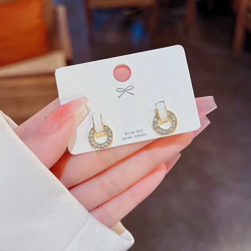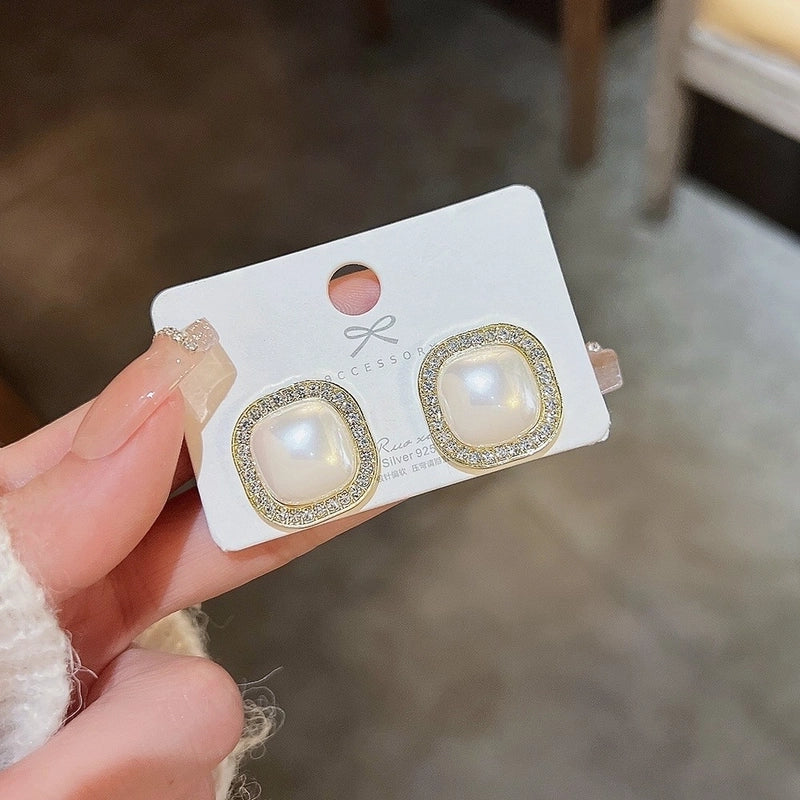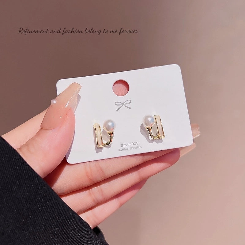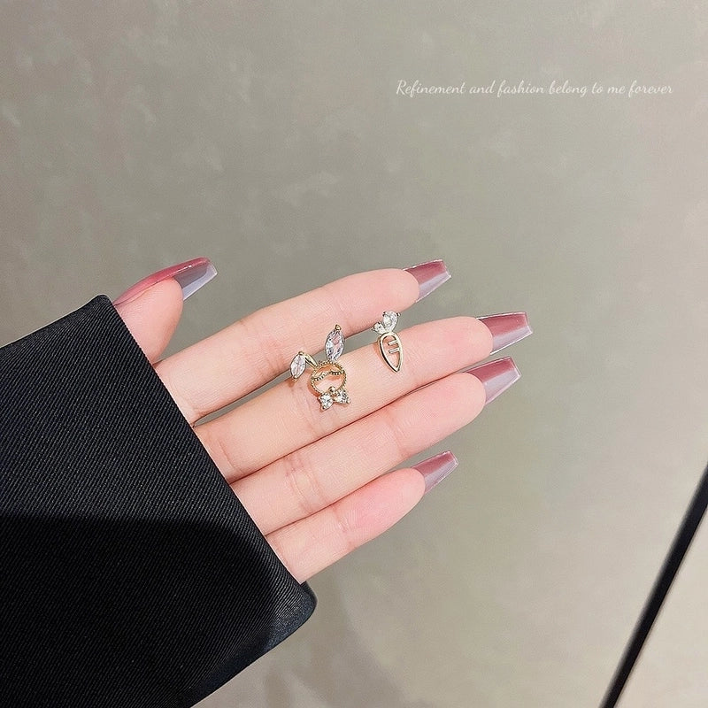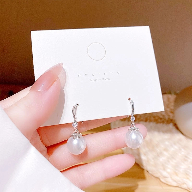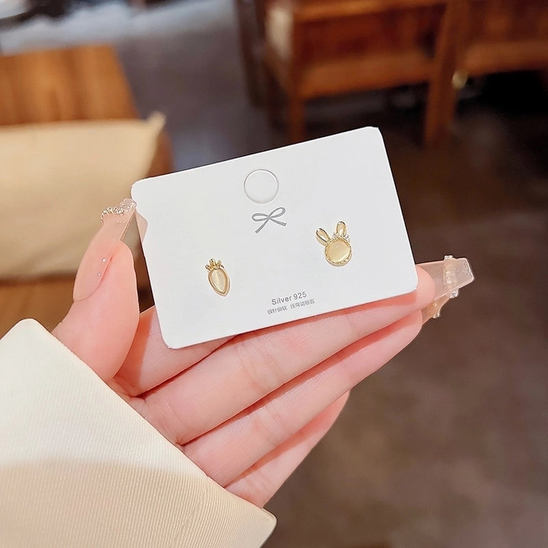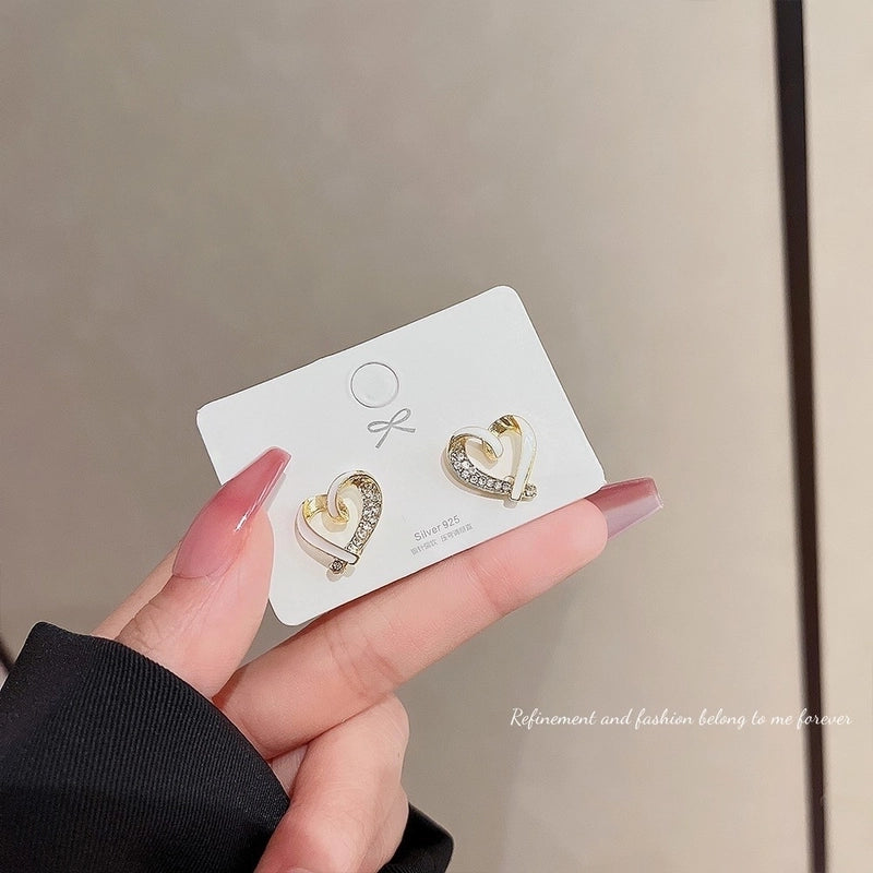 Sweet Star Heart Shape Bow Knot Copper Inlay Artificial Pearls Rhinestones Opal Earrings 1 Pair
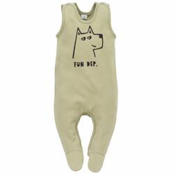 Wygodne śpiochy niemowlęce w przewodnim kolorze kolekcji – przepięknej zieleni z nadrukiem zabawnego pieska z przodu oraz napisem „FUN DEP.”. Do nadruku zastosowaliśmy sprawdzoną metodę farb wodnych. To sprawia, że kolory na naszych nadrukach są trwałe, nawet po wielu praniach. Specjalne gumki nad piętkami uniemożliwiają zsuwanie się ich podczas codziennych aktywności. Śpioszki rozpinane są na ramionkach i w kroku. Wszystkie zatrzaski wykonano z antyalergicznego tworzywa bez dodatku niklu. Wszyty w kroku klin zapewnia dziecku komfort noszenia. Nasze śpiochy zostały wyprodukowane w Polsce, posiadają certyfikat „Bezpieczny dla dziecka” i będą świetnie wyglądać z kaftanikiem lub body z tej samej kolekcji. Jest to niezbędny element wyprawki dla niemowlaka.
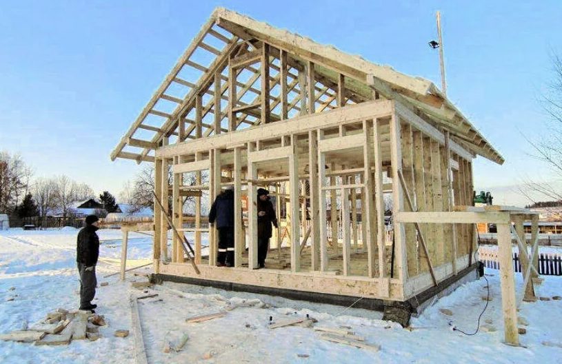 Зимнее строительство каркасного дома - Быстрый переход к внутренней отделке. Все коммуникации: трубы, электрика, вентиляция можно проложить прямо в перекрытиях и стенах каркасного дома, закрыть утеплителем и листами ГКЛ. И вот уже можно переходить к отделочным работ без необходимости штробления стен и перекрытий.

§ **To do**: Where the line containing "Wygodne śpiochy niemowlęce" appears above, start there and set down each line exactly through the last line of the data; leave out every picture.

§ **Solution to the exercise**:
 Wygodne śpiochy niemowlęce w przewodnim kolorze kolekcji – przepięknej zieleni z nadrukiem zabawnego pieska z przodu oraz napisem „FUN DEP.”. Do nadruku zastosowaliśmy sprawdzoną metodę farb wodnych. To sprawia, że kolory na naszych nadrukach są trwałe, nawet po wielu praniach. Specjalne gumki nad piętkami uniemożliwiają zsuwanie się ich podczas codziennych aktywności. Śpioszki rozpinane są na ramionkach i w kroku. Wszystkie zatrzaski wykonano z antyalergicznego tworzywa bez dodatku niklu. Wszyty w kroku klin zapewnia dziecku komfort noszenia. Nasze śpiochy zostały wyprodukowane w Polsce, posiadają certyfikat „Bezpieczny dla dziecka” i będą świetnie wyglądać z kaftanikiem lub body z tej samej kolekcji. Jest to niezbędny element wyprawki dla niemowlaka.
 Зимнее строительство каркасного дома - Быстрый переход к внутренней отделке. Все коммуникации: трубы, электрика, вентиляция можно проложить прямо в перекрытиях и стенах каркасного дома, закрыть утеплителем и листами ГКЛ. И вот уже можно переходить к отделочным работ без необходимости штробления стен и перекрытий.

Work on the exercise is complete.